1. Demonstrate the benefits of the Trimble TX8
   
2. Explain how Trimble Lightning technology advances time‐of‐flight measurement to collect clean, accurate data, faster than ever
   
3. Provide detailed information on performance, accuracy and precision concepts applied to Trimble TX8
   

We faced the challenges of 3D scanning. And we solved them. Here’s how.

Many industries depend on 3D scanning to manage complex projects, enabling them to get jobs done quickly and accurately. The challenges of 3D measurements are clear. The Trimble TX8 3D laser scanner is changing the way the industry looks at 3D. It captures high quality scans at exceptionally high speeds even as it delivers superior accuracy and range. So it enables users to handle a wide range of projects with the same, powerful solution, making it the best value on the market.

INSIDE TRIMBLE TX8

When it comes to 3D laser scanners there is no one size fits all. Generally, 3D laser scanners are defined by two types of measurement technologies, phase‐shift and time‐of‐flight. Phase‐shift is usually associated with high accuracy at close range and fast scan speeds approaching one million points per second. Time‐of‐flight, on the other hand, has been used for longer range applications that require more consistent accuracy over the entire scan range, but at the cost of significantly slower scan speeds.  
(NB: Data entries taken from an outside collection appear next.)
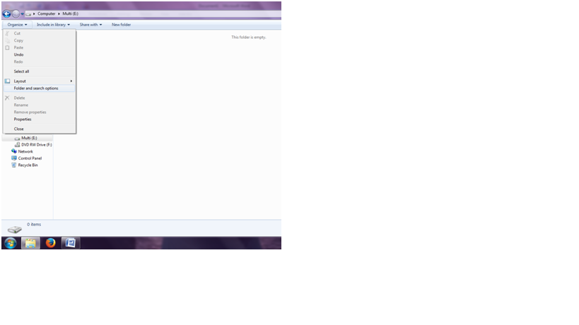 1.Click on the 'Organize' menu and select 'Folder and search options'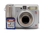 The A530's bottom panel is reasonably flat, with a sliding door to access the battery compartment and a threaded plastic tripod mount off in the opposite corner. The battery door and tripod mount are far enough away from each other to make quick battery changes while working with a tripod. Inside the battery door are wells for two AA cells, a small slot for the tiny CR1220 battery that maintains the camera's clock settings when the main batteries are out, and the SD/MMC memory card compartment.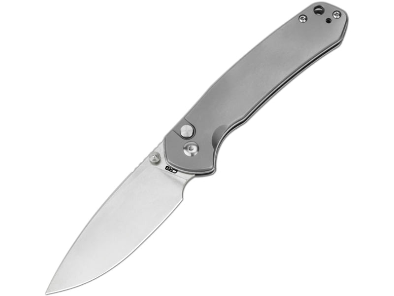 CJRB Pyrite Button Lock Titanium 3.13 in Folding Knife Satin finish titanium J1925TI
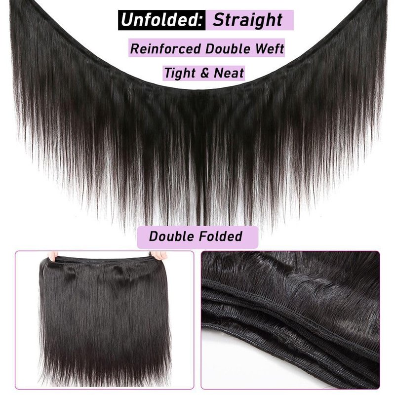 - Straight Hair Bundles Quality: 100% Real Human Hair, Double Strong Weft, One Direction Cuticle with Thick Healthy Ends, No Shedding, No Tangles, No Lice; Full and Thick, Soft And Smooth Human Hair Bundles Straight.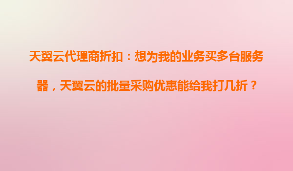 2025-10-16天翼云代理商折扣解析:如何通过批量采购获取最优服务器价格 一、天翼云批量采购的优惠政策 天翼云作为中国电信旗下的云计算服务提供商,针对企业级客户提供了灵活的批量采购方案。通常情况下,购...
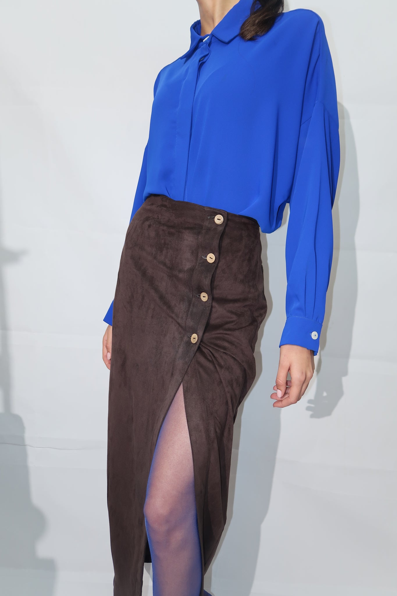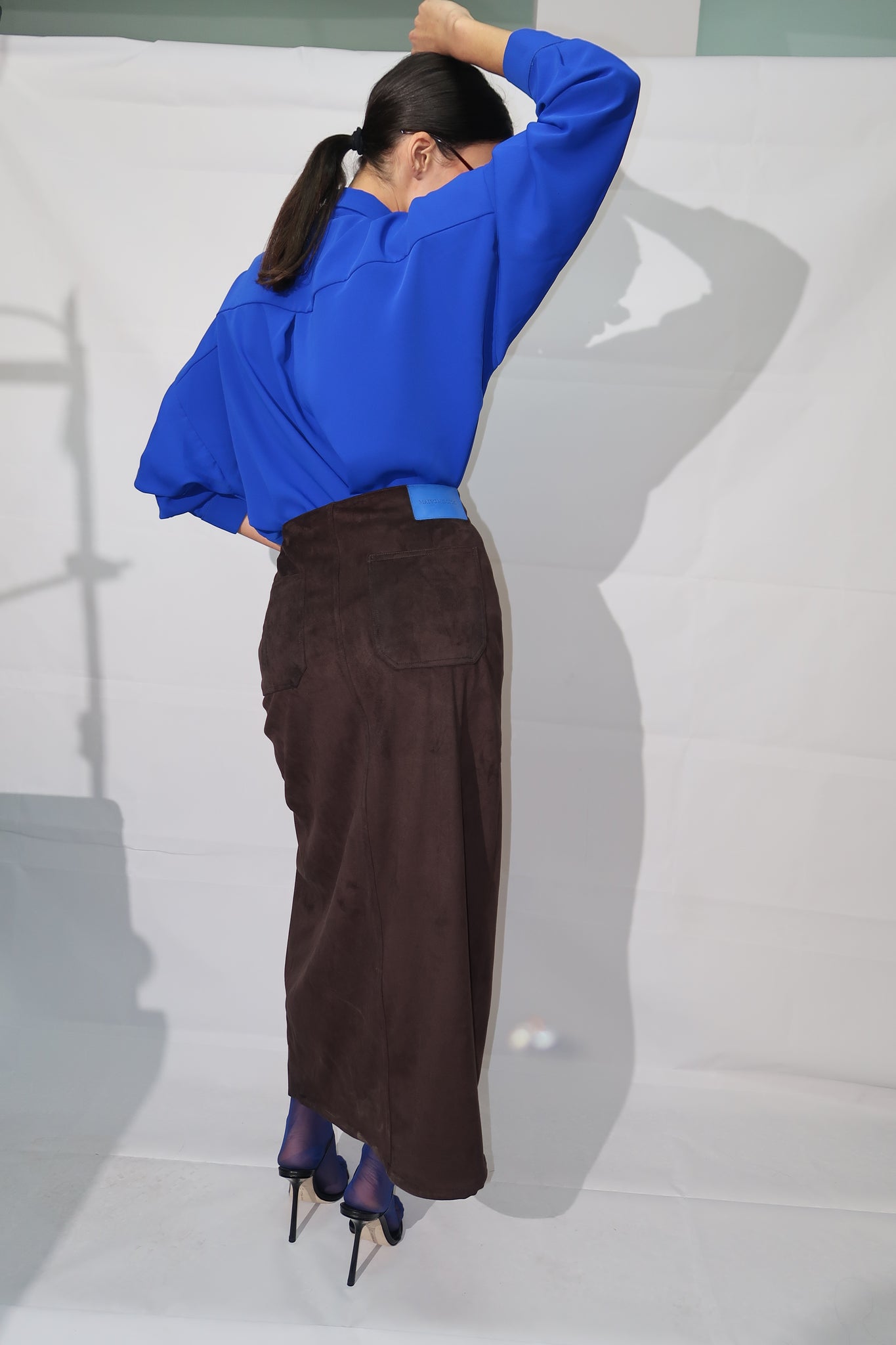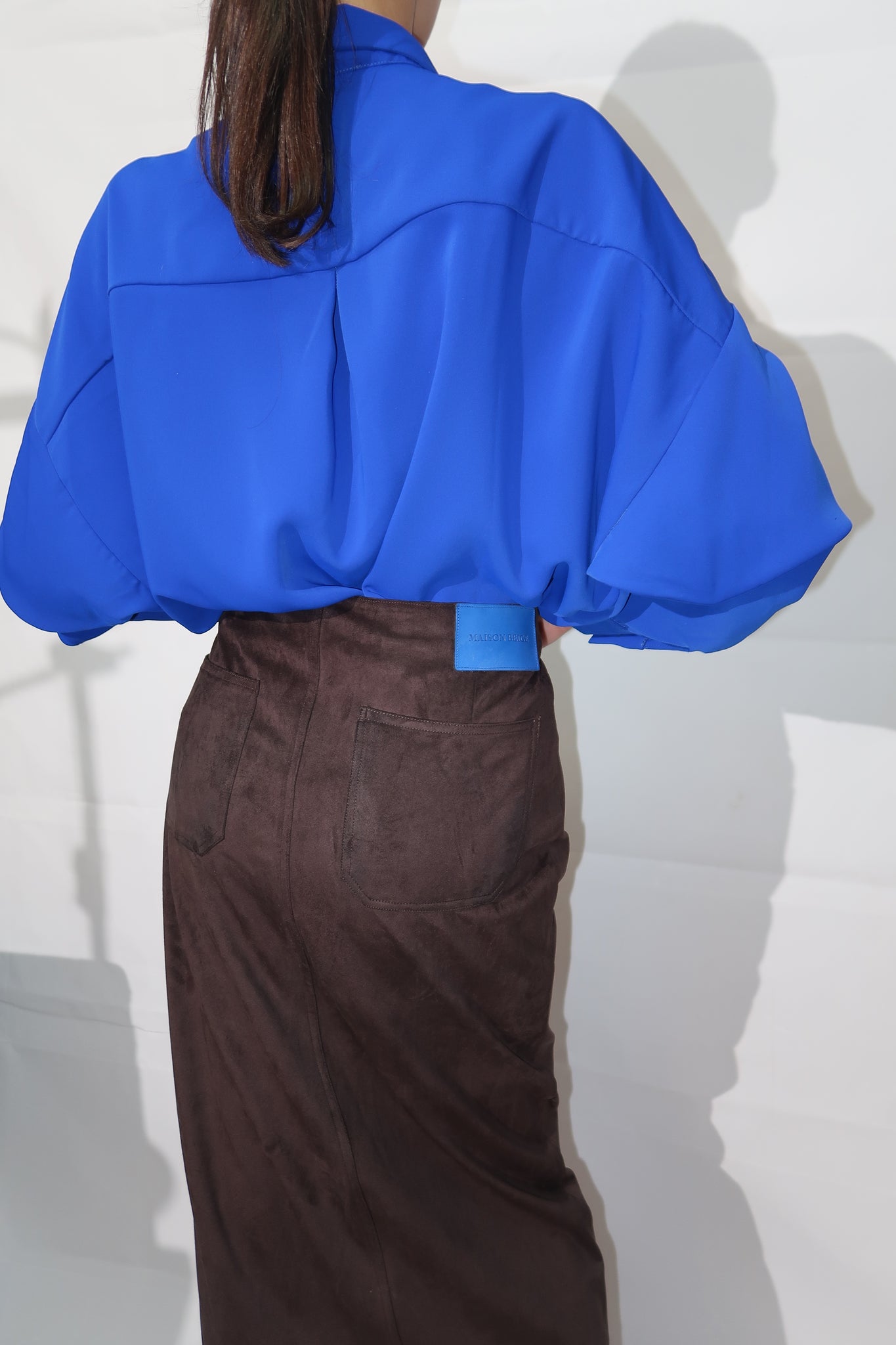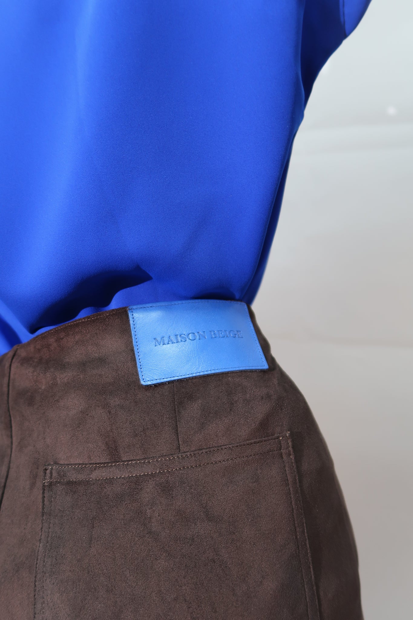 MAISON BEIGE apporte une touche de chic ultime avec la jupe maxi en suédine à la fente sur le côté. L’étiquette Jacron en cuir bleu vient contraster la couleur de la jupe .

The patented Trimble Lightning technology combines the benefits of both technologies. The details about the different measurement technologies and published specifications show the true value of the Trimble TX8 and its innovative time of flight technology.

PRACTICAL BENEFITS OF TRIMBLE TX8

High‐end performance and productivity

The Trimble TX8 is capable of attaining published accuracy, range and speed simultaneously. This provides unmatched overall performance for capturing high‐density 3D point clouds. At one million points per second, the TX8 achieves < 2 mm precision over the full scan range of 120m with standard scan times of only three minutes. A high precision scan option is capable of < 1 mm over 80m. An optional upgrade is also available to extend the scan range to 340 m. The ability to achieve published range noise and accuracy specifications at maximum scan speed makes the Trimble TX8 the most productive 3D laser scanner in the world. Other scanners may advertise similar scan speeds, but in fact must reduce scan speed in order to achieve published specifications. Below are examples of the range and accuracy the TX8 can achieve at one million points per second.

Versatility

Historically, the strengths and weaknesses of both phase‐shift and time‐of‐flight scanners required the purchase of both types of scanners to support a full range of applications.  The Trimble TX8 now combines the strengths of both technologies––including speed, accuracy and range––so scanning service providers can bid and successfully complete more diverse projects with one system.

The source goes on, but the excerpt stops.